◆ **Exercise brief**
Among the entries below, only the lines from the one with "La série de" through the one with "คุณสุระ คุณศุลีพร เกนทะนะศิล" are to be retyped, exactly and without pictures.

◆ **Dataset records**
★ ★ ★ ★
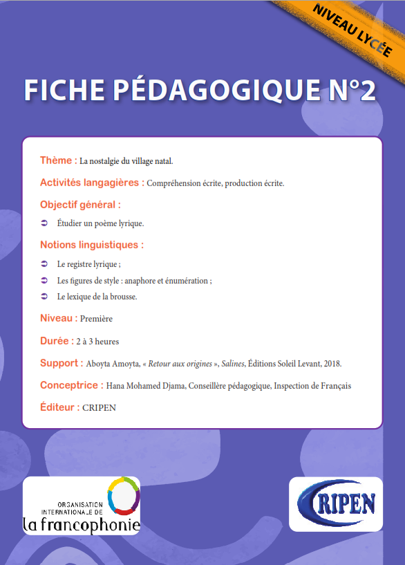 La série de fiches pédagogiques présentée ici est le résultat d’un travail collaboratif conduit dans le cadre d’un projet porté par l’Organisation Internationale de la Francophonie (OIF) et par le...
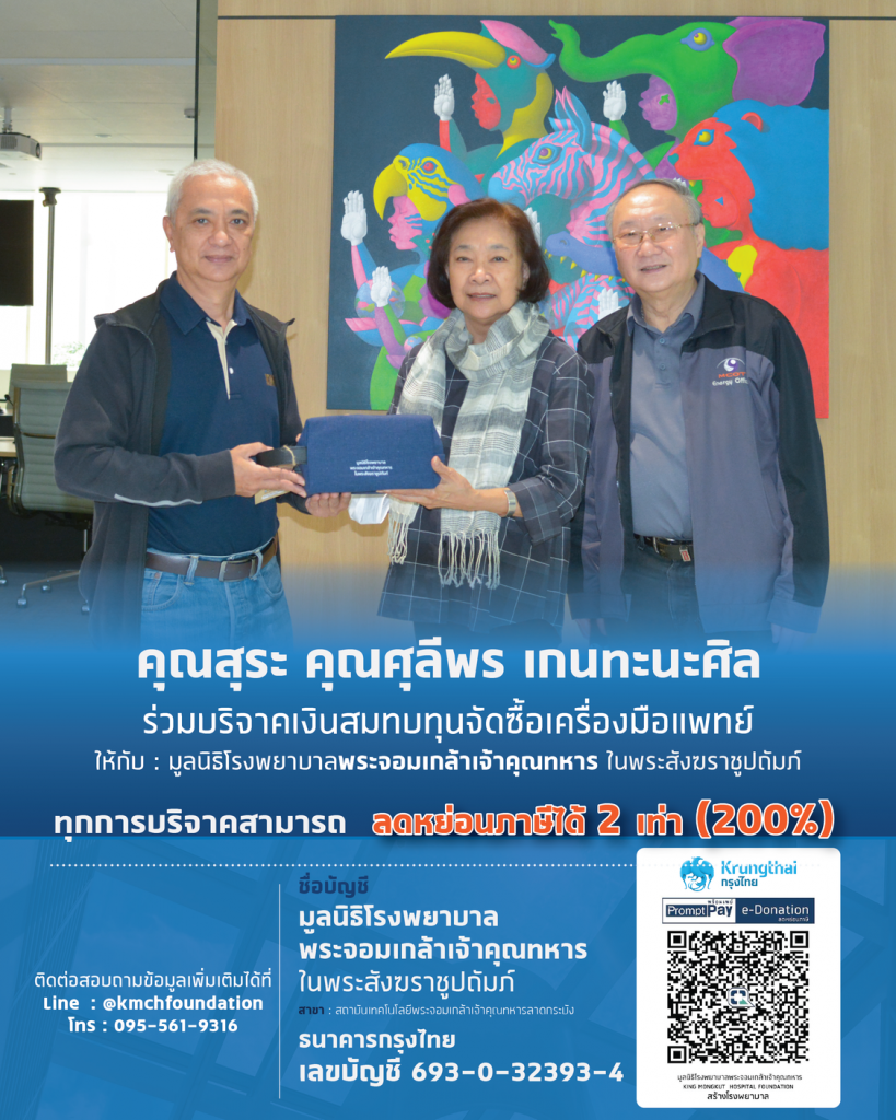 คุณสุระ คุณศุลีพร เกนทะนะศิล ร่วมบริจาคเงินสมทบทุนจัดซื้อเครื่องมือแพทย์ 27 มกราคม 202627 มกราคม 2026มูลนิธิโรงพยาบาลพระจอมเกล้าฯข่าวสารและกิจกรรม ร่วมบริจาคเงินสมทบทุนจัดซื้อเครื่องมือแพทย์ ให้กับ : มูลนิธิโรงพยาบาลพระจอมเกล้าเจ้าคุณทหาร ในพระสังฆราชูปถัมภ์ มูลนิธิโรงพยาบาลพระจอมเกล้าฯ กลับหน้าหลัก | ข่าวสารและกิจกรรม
★ ★ ★ ★
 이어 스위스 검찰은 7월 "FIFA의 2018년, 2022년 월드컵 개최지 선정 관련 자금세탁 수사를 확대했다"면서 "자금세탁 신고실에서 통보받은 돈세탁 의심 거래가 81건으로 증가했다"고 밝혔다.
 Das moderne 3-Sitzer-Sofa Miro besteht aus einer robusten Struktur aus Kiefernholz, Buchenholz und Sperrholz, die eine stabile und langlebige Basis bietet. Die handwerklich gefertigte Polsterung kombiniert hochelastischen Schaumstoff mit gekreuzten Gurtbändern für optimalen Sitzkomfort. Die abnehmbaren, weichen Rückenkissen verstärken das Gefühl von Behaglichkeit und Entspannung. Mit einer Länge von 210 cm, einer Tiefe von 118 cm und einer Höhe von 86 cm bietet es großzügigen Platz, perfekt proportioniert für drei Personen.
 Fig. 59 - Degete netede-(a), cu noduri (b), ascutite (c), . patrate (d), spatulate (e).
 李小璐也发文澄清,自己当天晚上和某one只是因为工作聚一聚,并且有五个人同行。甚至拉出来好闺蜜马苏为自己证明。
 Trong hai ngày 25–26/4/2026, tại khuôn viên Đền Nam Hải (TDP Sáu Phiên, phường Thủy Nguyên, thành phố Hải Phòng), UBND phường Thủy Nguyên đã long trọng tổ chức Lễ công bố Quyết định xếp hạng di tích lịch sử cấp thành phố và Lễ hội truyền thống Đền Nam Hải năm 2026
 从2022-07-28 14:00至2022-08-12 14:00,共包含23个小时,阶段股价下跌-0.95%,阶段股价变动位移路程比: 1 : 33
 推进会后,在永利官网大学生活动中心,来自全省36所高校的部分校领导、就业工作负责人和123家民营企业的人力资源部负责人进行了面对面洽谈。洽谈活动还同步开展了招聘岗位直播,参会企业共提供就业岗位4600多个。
★ ★ ★ ★
◆ **Solution to this problem**
 La série de fiches pédagogiques présentée ici est le résultat d’un travail collaboratif conduit dans le cadre d’un projet porté par l’Organisation Internationale de la Francophonie (OIF) et par le...
 คุณสุระ คุณศุลีพร เกนทะนะศิล ร่วมบริจาคเงินสมทบทุนจัดซื้อเครื่องมือแพทย์ 27 มกราคม 202627 มกราคม 2026มูลนิธิโรงพยาบาลพระจอมเกล้าฯข่าวสารและกิจกรรม ร่วมบริจาคเงินสมทบทุนจัดซื้อเครื่องมือแพทย์ ให้กับ : มูลนิธิโรงพยาบาลพระจอมเกล้าเจ้าคุณทหาร ในพระสังฆราชูปถัมภ์ มูลนิธิโรงพยาบาลพระจอมเกล้าฯ กลับหน้าหลัก | ข่าวสารและกิจกรรม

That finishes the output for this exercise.